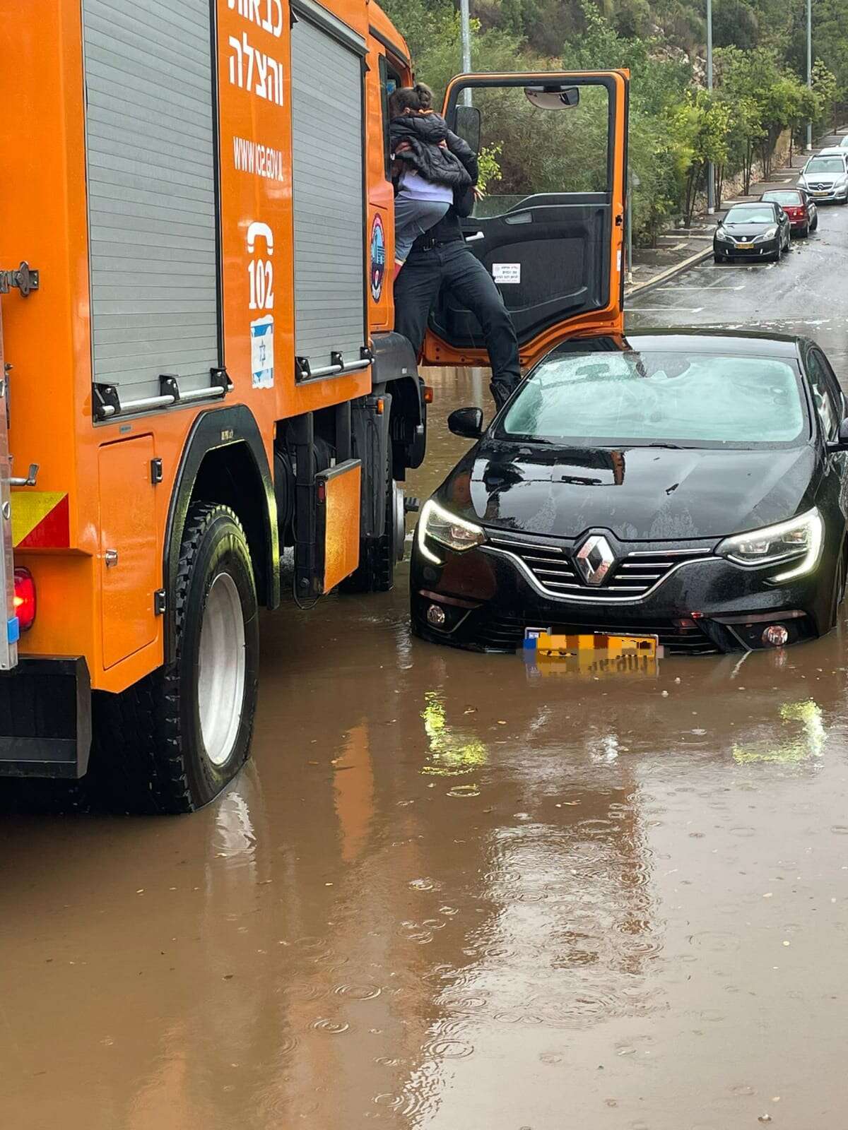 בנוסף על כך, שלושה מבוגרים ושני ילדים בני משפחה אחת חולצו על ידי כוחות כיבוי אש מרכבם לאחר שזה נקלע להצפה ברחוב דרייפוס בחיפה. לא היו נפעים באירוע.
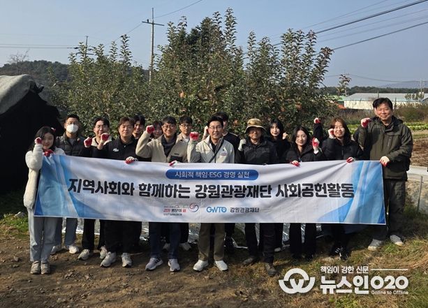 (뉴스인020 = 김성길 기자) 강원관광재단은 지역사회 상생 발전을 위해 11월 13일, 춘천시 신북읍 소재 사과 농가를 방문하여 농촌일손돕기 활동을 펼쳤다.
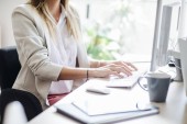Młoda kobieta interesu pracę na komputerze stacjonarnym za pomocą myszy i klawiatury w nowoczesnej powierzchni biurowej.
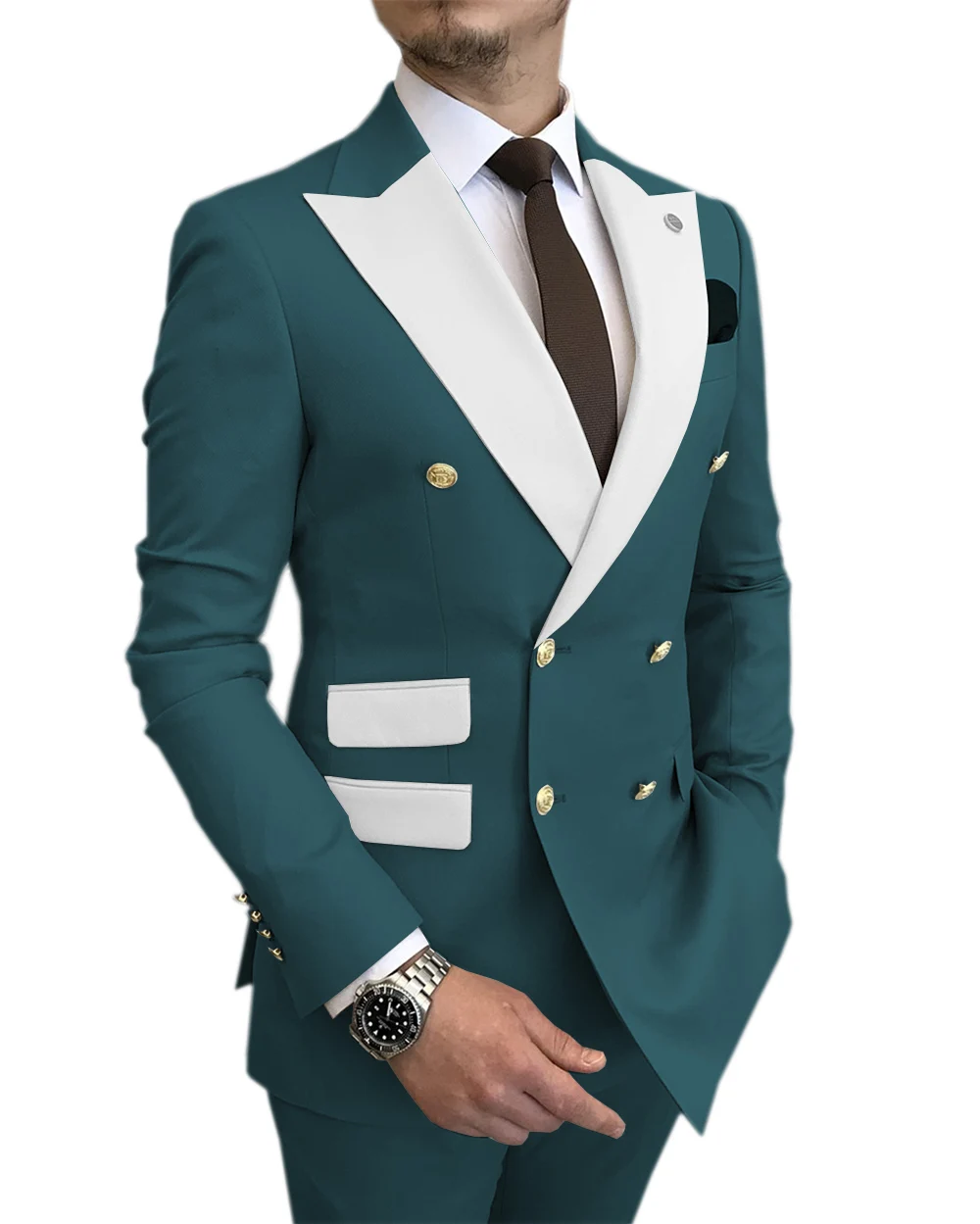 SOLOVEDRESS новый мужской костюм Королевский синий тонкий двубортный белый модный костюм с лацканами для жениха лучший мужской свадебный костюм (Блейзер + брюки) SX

++++++++++++++++++++

▶ Problem to solve:
Repeat the material exactly, without images.

▶ Written solution:
 בנוסף על כך, שלושה מבוגרים ושני ילדים בני משפחה אחת חולצו על ידי כוחות כיבוי אש מרכבם לאחר שזה נקלע להצפה ברחוב דרייפוס בחיפה. לא היו נפעים באירוע.
 (뉴스인020 = 김성길 기자) 강원관광재단은 지역사회 상생 발전을 위해 11월 13일, 춘천시 신북읍 소재 사과 농가를 방문하여 농촌일손돕기 활동을 펼쳤다.
Młoda kobieta interesu pracę na komputerze stacjonarnym za pomocą myszy i klawiatury w nowoczesnej powierzchni biurowej.
 SOLOVEDRESS новый мужской костюм Королевский синий тонкий двубортный белый модный костюм с лацканами для жениха лучший мужской свадебный костюм (Блейзер + брюки) SX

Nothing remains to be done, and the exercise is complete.